Every line from the one with "Soft Sofa, Upholstered" up to and including the one with "这不,前两天杨紫的机场LOO" is to be output exactly as it appears below; pictures are not.

_GIVEN RECORDS_
>>>>

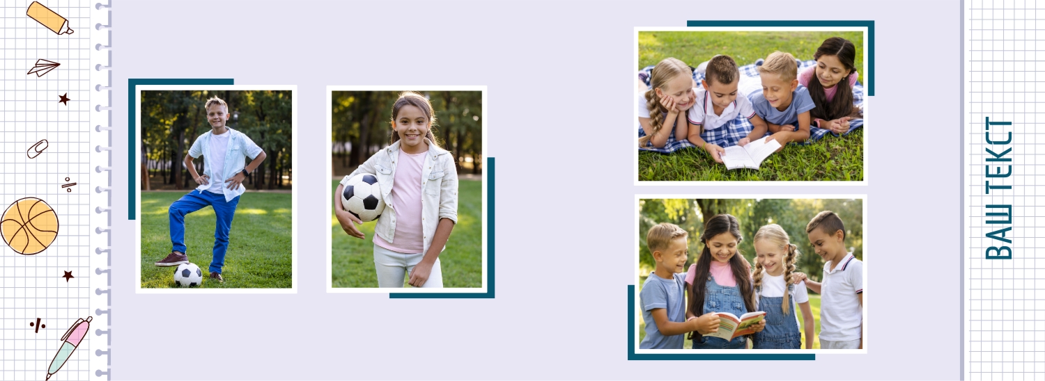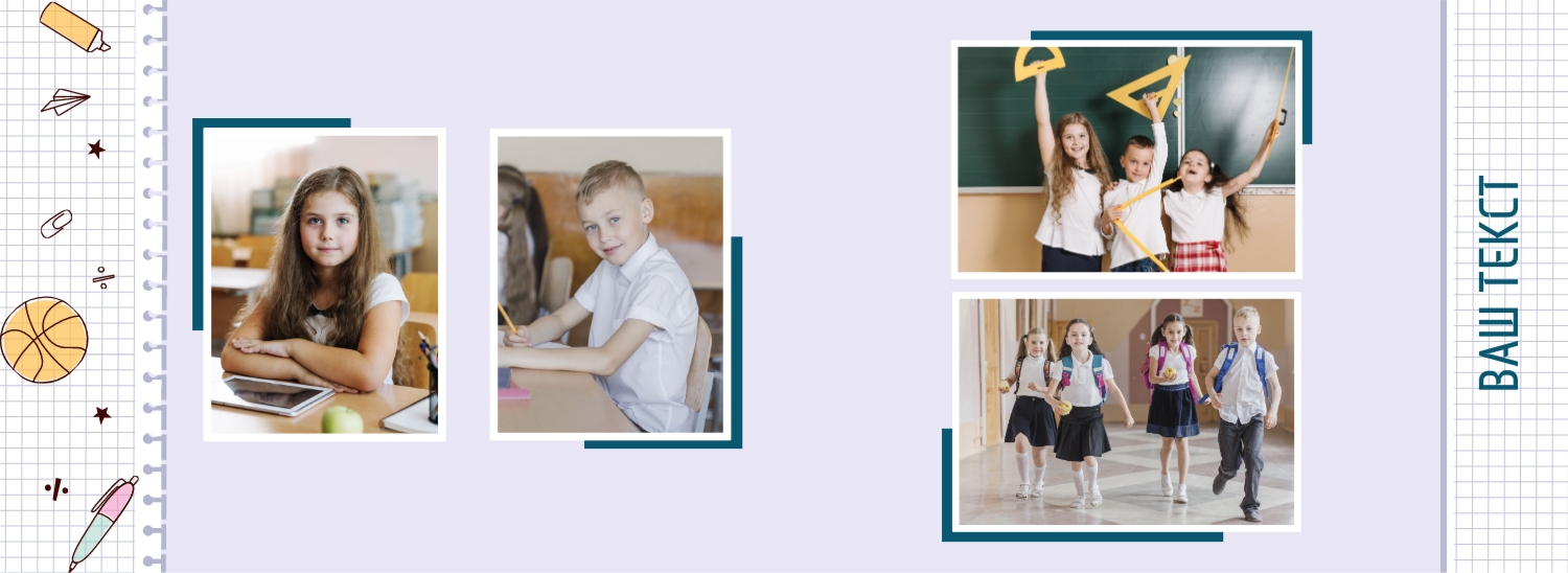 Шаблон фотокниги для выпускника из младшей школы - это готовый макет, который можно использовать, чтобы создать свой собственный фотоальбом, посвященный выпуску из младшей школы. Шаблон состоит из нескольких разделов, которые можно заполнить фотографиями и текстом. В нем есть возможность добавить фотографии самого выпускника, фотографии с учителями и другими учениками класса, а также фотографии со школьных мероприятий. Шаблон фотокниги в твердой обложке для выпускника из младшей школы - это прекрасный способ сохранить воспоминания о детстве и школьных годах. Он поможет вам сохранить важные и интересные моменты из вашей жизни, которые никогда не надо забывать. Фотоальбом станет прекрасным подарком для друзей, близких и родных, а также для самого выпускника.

<<<<
>>>>

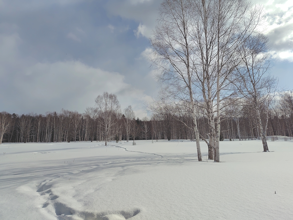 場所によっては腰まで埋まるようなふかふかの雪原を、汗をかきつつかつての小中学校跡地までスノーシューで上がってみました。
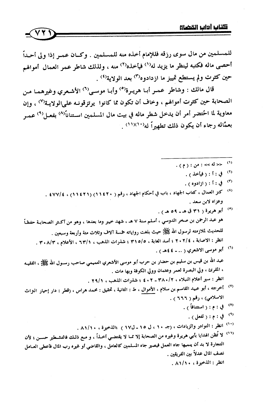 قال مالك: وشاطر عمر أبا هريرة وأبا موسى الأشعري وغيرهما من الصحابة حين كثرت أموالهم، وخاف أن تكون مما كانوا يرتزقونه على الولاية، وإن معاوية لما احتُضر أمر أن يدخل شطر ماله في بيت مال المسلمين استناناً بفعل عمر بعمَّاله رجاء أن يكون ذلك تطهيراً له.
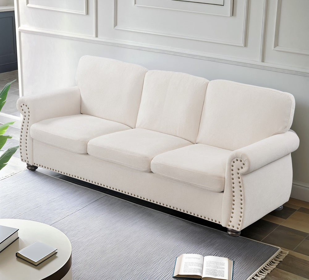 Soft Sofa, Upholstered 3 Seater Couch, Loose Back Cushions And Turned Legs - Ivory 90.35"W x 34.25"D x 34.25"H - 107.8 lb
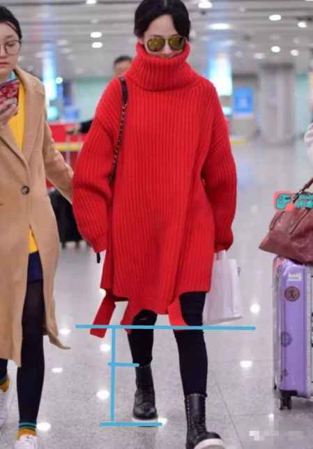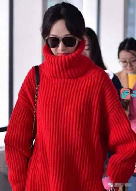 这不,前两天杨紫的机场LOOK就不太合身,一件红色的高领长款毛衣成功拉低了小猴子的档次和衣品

<<<<

_RESPONSE AREA_
 Soft Sofa, Upholstered 3 Seater Couch, Loose Back Cushions And Turned Legs - Ivory 90.35"W x 34.25"D x 34.25"H - 107.8 lb
 这不,前两天杨紫的机场LOOK就不太合身,一件红色的高领长款毛衣成功拉低了小猴子的档次和衣品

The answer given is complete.